DERIVATIVE states {  
	rates(v)
	 
	mh1' = (-2*am-bm-ah)*mh1 + 3*am*mh0 + 2*bm*mh2 + bh*mh5 
	mh2' = (-am-2*bm-ah)*mh2 + 2*am*mh1 + 3*bm*mh3 + bh*mh6 
	mh3' = (-3*bm-ah)*mh3 + am*mh2 + bh*mh7 + R[0] 

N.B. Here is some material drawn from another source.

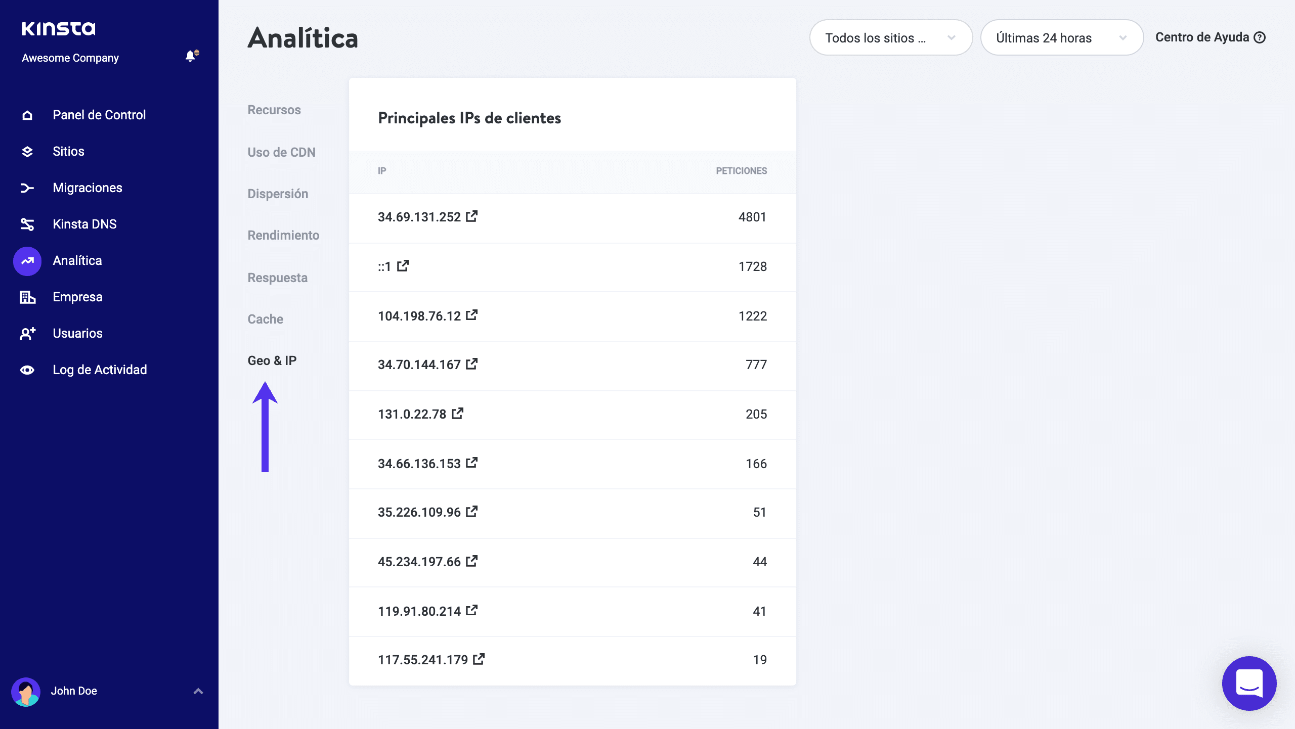 En el panel de control de análisis de MyKinsta puedes ver una lista de las principales direcciones IP que han accedido a tu sitio. Dirígete a Analítica > Geo & IP y desplázate hacia abajo hasta la sección ‘IPs Principales de Cliente’.

	mh4' = (-3*am-bh)*mh4 + bm*mh5 + ah*mh0 
   	mh5' = (-2*am-bm-bh)*mh5 + 3*am*mh4 + 2*bm*mh6 + ah*mh1 
   	mh6' = (-am-2*bm-bh)*mh6 + 2*am*mh5 + 3*bm*mh7 + ah*mh2 + R[1] 
    mh7' = (-3*bm-bh)*mh7 + am*mh6 + ah*mh3 -R[1]-R[0]
	mh0 = 1-mh1-mh2-mh3-mh4-mh5-mh6-mh7
		 
	n1' = (-3*an-bn)*n1 + 4*an*n0 + 2*bn*n2 
	n2' = (-2*an-2*bn)*n2 + 3*an*n1 + 3*bn*n3 
	n3' = (-an-3*bn)*n3 + 2*an*n2 + 4*bn*n4 + R[2] 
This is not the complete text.